Второй взял под козырек и резковато, хриплым голосом выкрикнул:
- Да свиданья, господа! Сдержанный гул прокатился среди сидящих, из него рвались отдельные тихие слова, всхлипывания: «Прощайте, братцы», и неожиданно голос девушки, дрогнув, забился под сводами Цитадели:
- Ведите и нас!… Ведите!…
- Молчать! - замахнувшись плетью, крикнул чекист. - Первому, кто слово скажет, зубы высажу!…
Какой- то пожилой седоусый немец всхлипывал, как женщина.
На дворе грузовики зашумели сильнее и, побрякивая цепями, двинулись вперед.
Их отвели в только что освободившуюся камеру, еще нагретую телами смертников. Из окна, в котором было выбито стекло, дул ледяной ветер и гудел в четырехугольной решетчатой сетке, выходящей на улицу.

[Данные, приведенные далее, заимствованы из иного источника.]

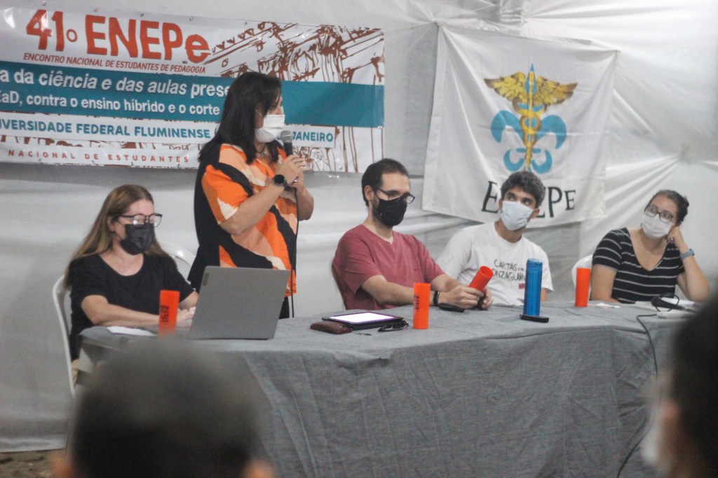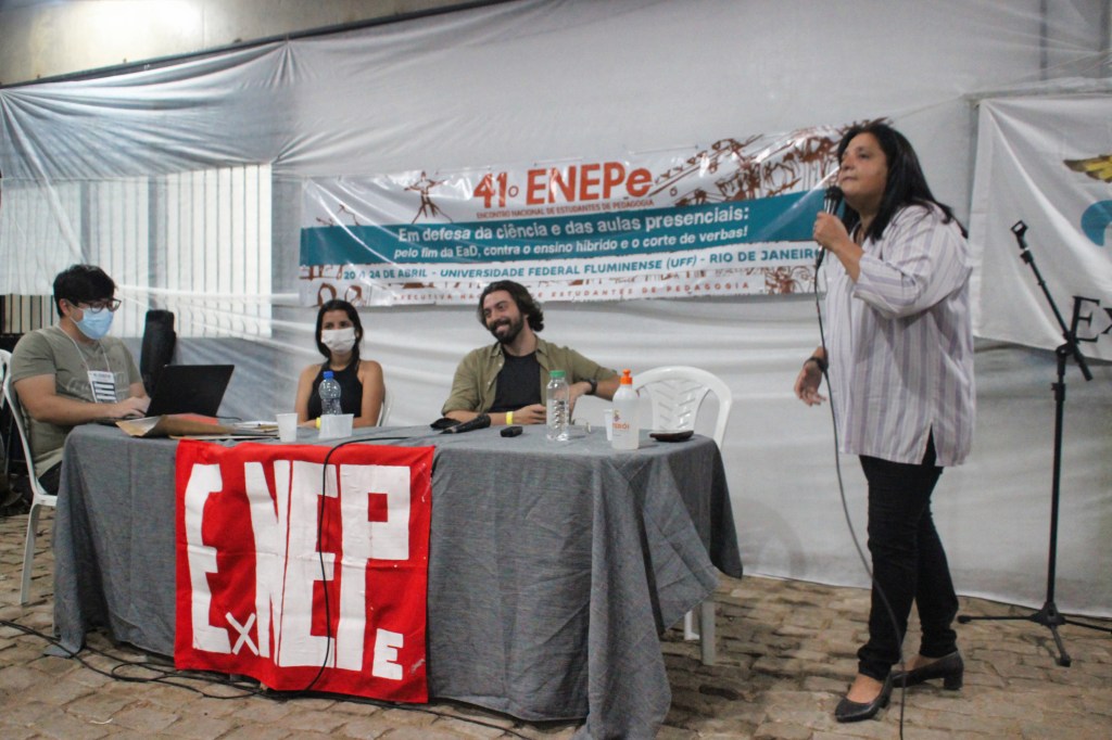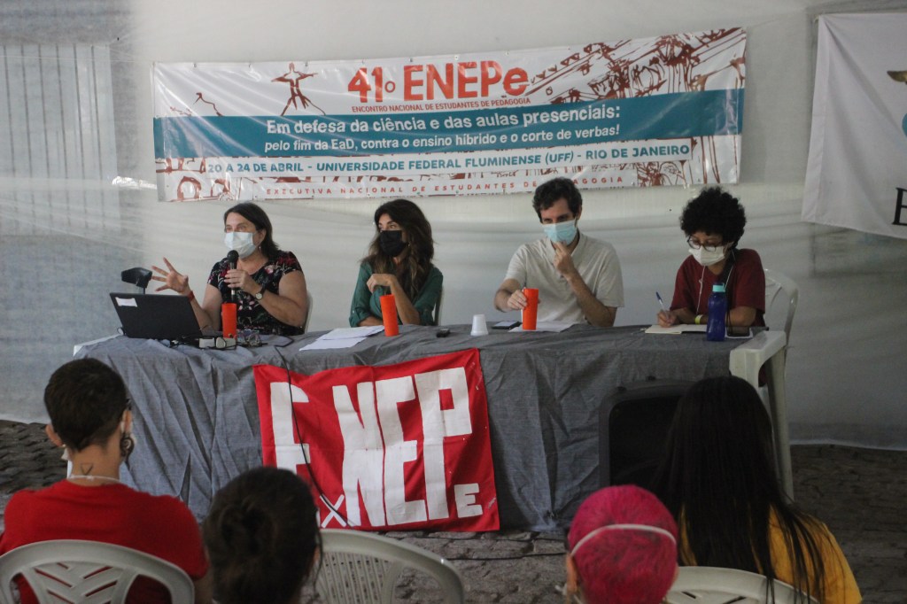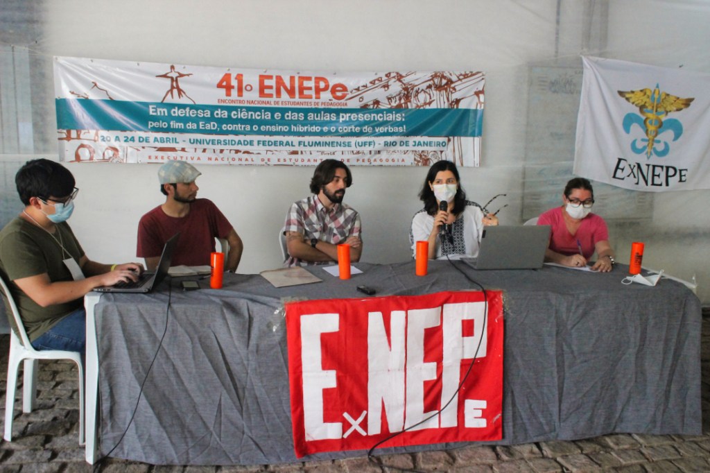 Abertura do 41º Encontro Nacional de Estudantes de Pedagogia contou com apresentação e fala da Secretaria Nacional da ExNEPe que enfatizou a importância da realização do Encontro presencial dentro de uma universidade pública, vitória conquistada com duras lutas empreendidas durante esses dois anos, em que a ExNEPe pesistiu na luta presencial. Nesse momento também foram saudadas as diversas delegações de estados de norte a sul do Brasil, aprovação do regimento interno e formação das Comissões de Trabalho que atuaram na organização do evento em conjunto com a Comissão Organizadora.

Спали они, завалившись друг на друга, и Митино тело чувствовало звериную мелкую дрожь соседа и чужой шепот. Они ели суп из картофельной шелухи и селедочных головок, заедая его осьмушкой хлеба. Каждый день толстая с маленьким глазком дверь открывалась, к ним вваливался рыжеволосый матрос Свеаборгской крепости и устраивал перекличку. Он щурился, внимательно смотрел каждому в глаза и, увидев испуг, приближал свои зеленоватые глаза к лицу заключенного:
- А… а… Никак ты боишься?… Что ты, милый, в Царский лес захотел прогуляться?…
Иногда он безбоязненно садился на деревянные нары, и, водя толстым пальцем по странице книги, читал фамилии, отмеченные красным крестом.
Страшны были в своей откровенности эти обнаженные дни. Русский пожилой купец сидел вместе со своим подростком-сыном, записавшимся добровольцем в русскую роту. Купец по вечерам молился, плакал, часто жаловался на сына и укорял его:
- Э-эх… вот к чему затеи приводят!… Вот и дождался, Андрюша… Сидел бы ты смирно, и никто бы тебя не тронул… Вот, господа, - обращался он к Мите и Степе, - и зачем вам надо был что-то делать? Ведь мальчишки же вы, а могут расстрелять. Могут. И за что?… Из-за собственной глупости.
Степа долго молчал, а однажды, не выдержав, резко ему ответил:
- Ну, чего вы, пожили - и довольно. Купец испуганно глянул на Степу. Он его слов не понял.
- Как же это, молодой человек, пожили… - показывая на себя, растерянно спросил купец. - Разве уже пожили? - Его рука, задрожав, начала перебирать пуговицы, и по его лицу разлилась мертвенная бледность.
- Простите меня, ради Бога, - сказал ему после раздумья Степа, - я не хотел вас обидеть.
Чувство физической неопрятности отравляло существование. Это было гадкое, противное чувство, от которого мысли делались сонными, голова тупела и исчезало чувство бодрости и силы. Но молодость не верила, что так рано кончилась жизнь, и хотя глаза видели, как водили других на расстрел, но тело отвергало мысль о смерти, и слова молитв спасали и укрепляли его. Митя со Степой в те ночи познали чистую силу древних слов молитв, освобождавших их от гнета и делавших души крепкими и ясными. После молитвы спокойнее билось сердце.
Мальчики радовались, когда их заставляли топить печи или пилить бревна и носить их наверх. От движения снова освобождалась нерастраченная мускульная сила и освежала мозг. Движения, снег и воздух были неразрывно связаны с жизнью. Мальчики жадно глотали морозный крепкий воздух, работали до головокружения и ненасытно смотрели на камни двора, на небо, на желтые брызги теплых, душистых опилок, зернами окропляющих снег.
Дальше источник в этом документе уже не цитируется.